*A Seoul, in Corea del Sud, un uomo partecipa a un corso per prevenire il suicidio. (Truth Leem, Reuters/Contrasto) *
Guidando verso il ristorante dove ceneremo, un conoscente di Seoul, da poco rientrato dopo cinque anni in Italia, mi aggiorna sulle sue vicende: “Siamo ancora nel pieno del trasloco ma sono riuscito a prendermi qualche giorno per andare a trovare i miei, non li vedevo da un bel po’, in questi anni non sono mai tornato in Corea. E poi ho fatto un’esperienza interessante, la morte”. Prego? “Sì, ho provato la morte”. È uscito indenne da un incidente potenzialmente mortale? Ha partecipato a un esperimento scientifico per cui l’hanno portato quasi fino al punto di non ritorno? Davanti al mio sguardo incredulo, comincia a spiegare. “Sono stato in un posto dove ti fanno provare cosa significa morire. Mi hanno chiesto di riflettere sulla mia vita, sulle cose importanti che ho e su cosa significherebbe non averle più. Il tutto si svolgeva in un ambiente silenzioso, a lume di candela. Ero seduto accanto a una bara di legno con la mia foto sopra. Quando sono arrivato al culmine emotivo e ho cominciato a piangere, mi hanno chiesto di scrivere una lettera ai miei cari come se fosse l’ultima. Poi mi sono dovuto infilare nella bara, hanno chiuso il coperchio e sono rimasto lì per un quarto d’ora”. Chiedo quale sia il motivo che spinge a fare una cosa simile e chi la organizza. “Serve a farti apprezzare la vita, a capire il valore di quello che hai e dei tuoi affetti. Io, per esempio, i miei li sento raramente e li vedo ancora meno. Lo consigliano anche alle coppie in crisi, facendo quest’esperienza insieme s’impara ad ascoltarsi e si risolvono molti problemi. Mia moglie, però, non ha voluto saperne”.
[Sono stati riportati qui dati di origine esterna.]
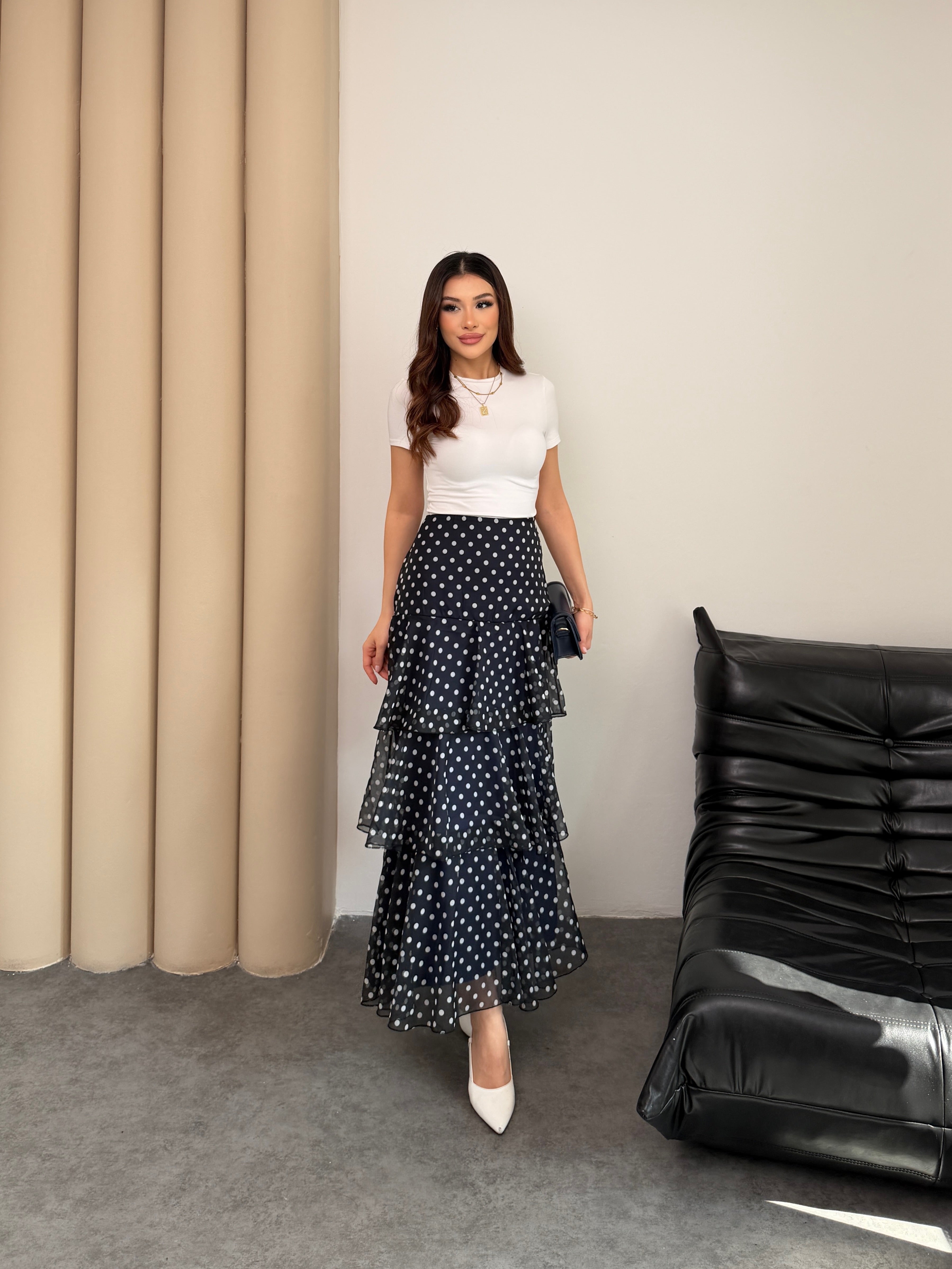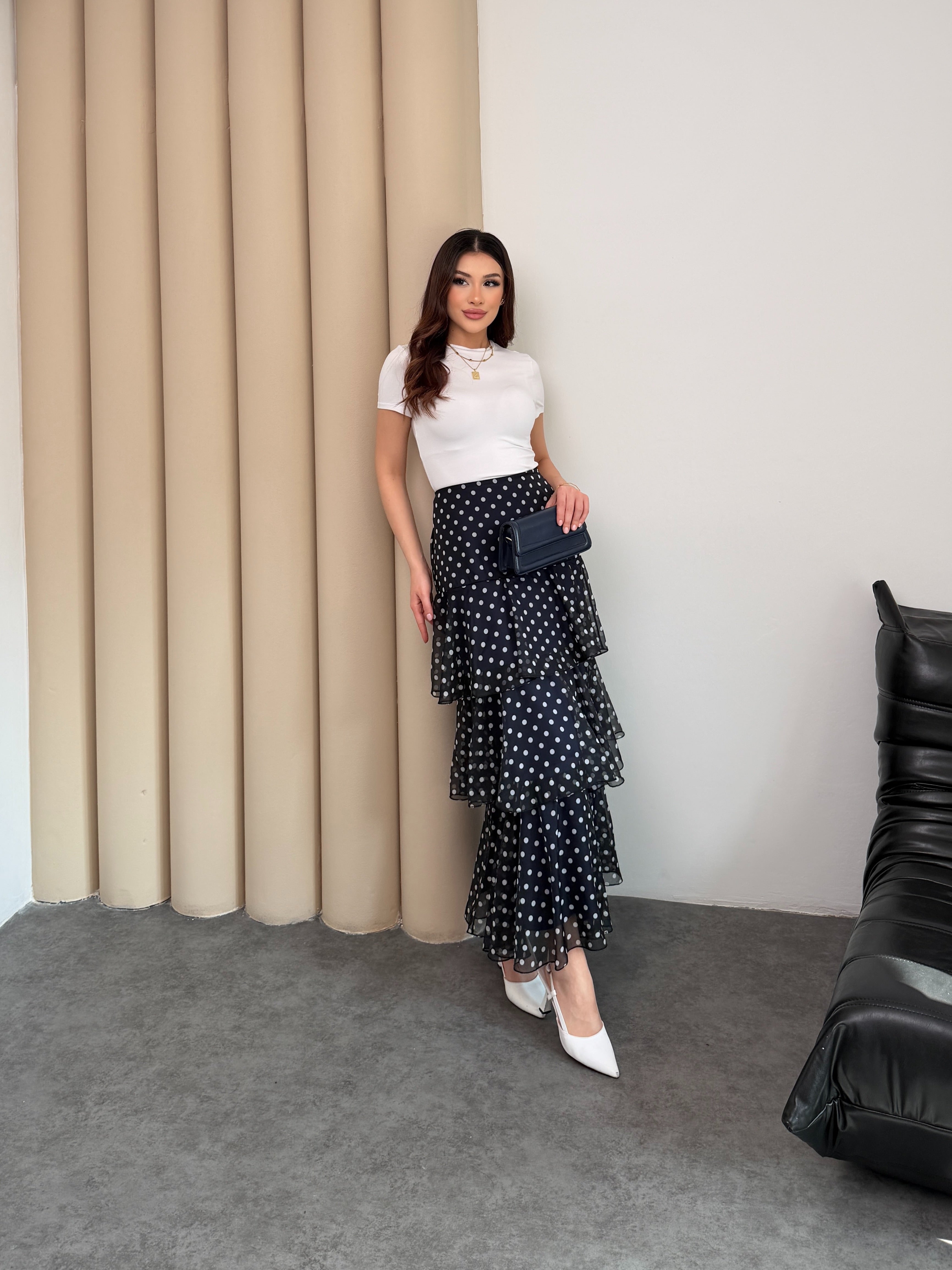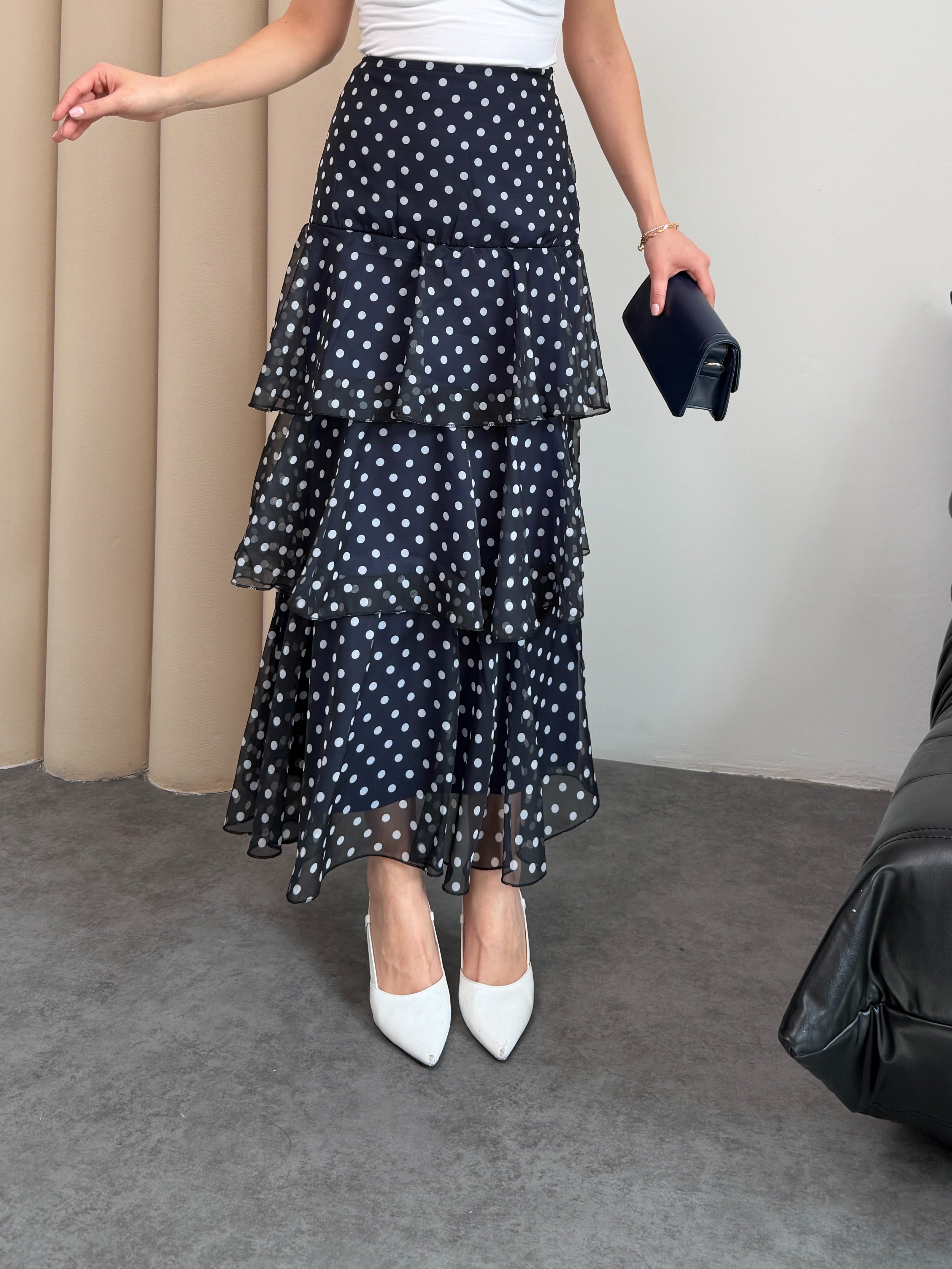Puantiyeli Kat Kat Fırfırlı Şifon Maxi Etek
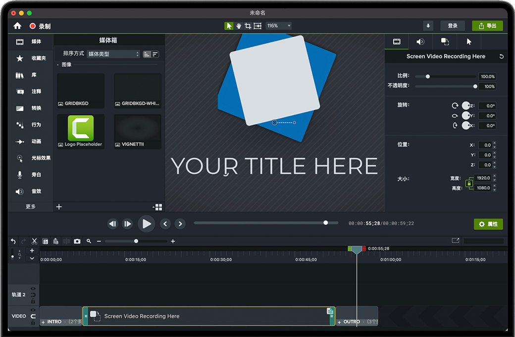 简化编辑Camtasia 简单的拖放编辑器使添加、删除、修剪或移动视频或音频部分变得轻而易举。 | 预建资产自定义 Camtasia 库中的任何免版税资产,并将它们添加到您的视频中以进行专业润色。 | iOS捕获将您的iOS设备直接连接到您的Ma的,直接从屏幕录制,然后添加手势效果来模拟视频中的点击、滑动和捏合。 |

Il mio conoscente mi spiega che a organizzare l’esperienza della morte, o meglio, a regalare il brivido di assistere al proprio funerale, sono le pompe funebri per farsi pubblicità, e negli ultimi anni l’iniziativa sta avendo un discreto successo, “l’altro giorno eravamo una cinquantina”. Provo a immaginarmi la scena: cinquanta persone in lacrime, ognuna con la propria candela accanto alla propria bara con la propria foto sopra. Con il peso emotivo che un’esperienza del genere, per chi la prende sul serio, comporta. In questo servizio della Cnn caricato su YouTube da un’organizzazione buddista che promuove questo tipo di seminari si può avere un’idea di come funziona:
A quanto pare da qualche anno diverse agenzie – non solo quelle funebri – con nomi come “Morte felice”, “Bella vita”, “Morire bene” hanno fiutato il business redditizio della morte simulata come terapia d’urto contro il male di vivere, le crisi esistenziali, l’apatia e i conflitti coniugali. In Corea del Sud, infatti, ogni giorno circa 43 persone decidono di farla finita. Tra i paesi dell’Ocse (Organizzazione per la cooperazione e lo sviluppo economico) la Corea del Sud è il primo nella classifica per il tasso di suicidi, che sono la prima causa di morte tra le persone sotto i 40 anni. Da quando sono arrivata a Seoul, non c’è stato nessuno tra le persone che ho incontrato che non abbia accennato all’epidemia di suicidi, uno dei problemi con cui il paese fatica a fare i conti perché le cause sono difficili da individuare. Gli esperti puntano il dito contro l’eccessiva competizione a tutti i livelli nella società, a scuola e sul lavoro in particolare. La crisi economica e la disoccupazione in aumento hanno peggiorato la situazione, tanto che negli ultimi dieci anni il tasso di suicidi è raddoppiato.
Il Mapo bridge è uno dei ponti sopra lo Han, il fiume che scorre attraverso Seoul dividendola in due orizzontalmente. È soprannominato “ponte della morte” perché è il preferito degli aspiranti suicidi della capitale, che sempre di più scelgono di morire buttandosi nel fiume. Recentemente l’amministrazione della città ha installato sul parapetto del ponte dei sensori che, al passaggio delle persone, fanno comparire dei messaggi rivolti a chi è lì per farla finita. Servirà?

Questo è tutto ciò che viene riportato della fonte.